Quick, easy baked potato by microwave

October 26, 1994|By the editors of Eating Well

Looking for a way to enliven a not-so-exciting dinner, but you've got only 15 minutes? Pop baking potatoes into the microwave, then garnish them with any one of these quick, tasty and healthful toppings.

Sun-dried Tomato and Basil Topping

Makes about 1/2 cup, enough for 4 potatoes

For a nice variation of this quick topping, add 1 tablespoon chopped black olives.

6 sun-dried tomatoes, not packed in oil ( 1/4 cup)

1/4 cup slivered fresh basil leaves

1 tablespoon capers

1 clove garlic, finely chopped

2 teaspoons olive oil, preferably extra-virgin

salt & freshly ground black pepper to taste

In a small bowl, pour 1 cup boiling water over sun-dried tomatoes. Let soak for 5 to 10 minutes to soften, then drain and cut into thin slivers. In a small bowl, combine the tomatoes, basil, capers, garlic and olive oil. Season with salt and pepper. Spoon the mixture over hot baked potatoes and serve.

Cheddar Cheese and Broccoli Topping

Makes about 1 cup, enough for 4 potatoes

1 cup 1 percent milk

2 tablespoons all-purpose white flour

2 ounces sharp Cheddar cheese, grated ( 1/2 cup)

1 cup cooked small broccoli florets

salt and cayenne pepper to taste

In a small saucepan, heat 3/4 cup of the milk over medium heat until steaming, about 4 minutes. In a cup, stir together flour and the remaining 1/4 cup milk until smooth. Add to the hot milk, stirring constantly until the mixture boils and thickens. Remove from heat and stir in cheese. Season with salt and cayenne.

Distribute broccoli over hot baked potatoes, top with the cheese sauce and serve.

Greek Salad Topping

1 large vine-ripened tomato, seeded and diced (about 1 cup)

2 tablespoons chopped onions

1 tablespoon coarsely chopped black olives (about 4 olives)

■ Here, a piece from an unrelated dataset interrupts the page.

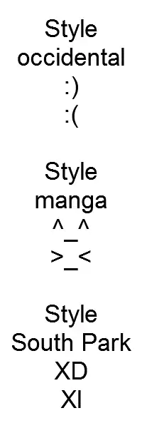 Ces émoticônes ont généralement un format semblable à (*_*). Les astérisques indiquent les yeux ; le caractère central, un trait de soulignement en règle générale, la bouche ; et les parenthèses, le contour du visage.

2 teaspoons red-wine vinegar

1 1/2 teaspoon olive oil, preferably extra-virgin

1/2 teaspoon dried oregano

salt and freshly ground black pepper to taste

1/4 cup crumbled feta cheese

In a small bowl, combine all ingredients except feta cheese. Spoon the mixture on top of hot baked potatoes. Sprinkle the feta on top and serve.

Makes about 1 cup, enough for 4 potatoes

Remoulade Sauce

Serves 4

1/4 cup reduced-fat mayonnaise

1/4 cup chopped tomatoes

2 scallions, finely chopped

2 tablespoons nonfat sour cream

2 teaspoons chopped capers

1 tablespoon Dijon mustard

1 tablespoon sweet relish or chopped gherkins

1 teaspoon Worcestershire sauce

salt and cayenne pepper to taste

In a small bowl, combine all ingredients. Spoon the mixture over hot baked potatoes and serve.

Makes about 1 cup, enough for 4 potatoes.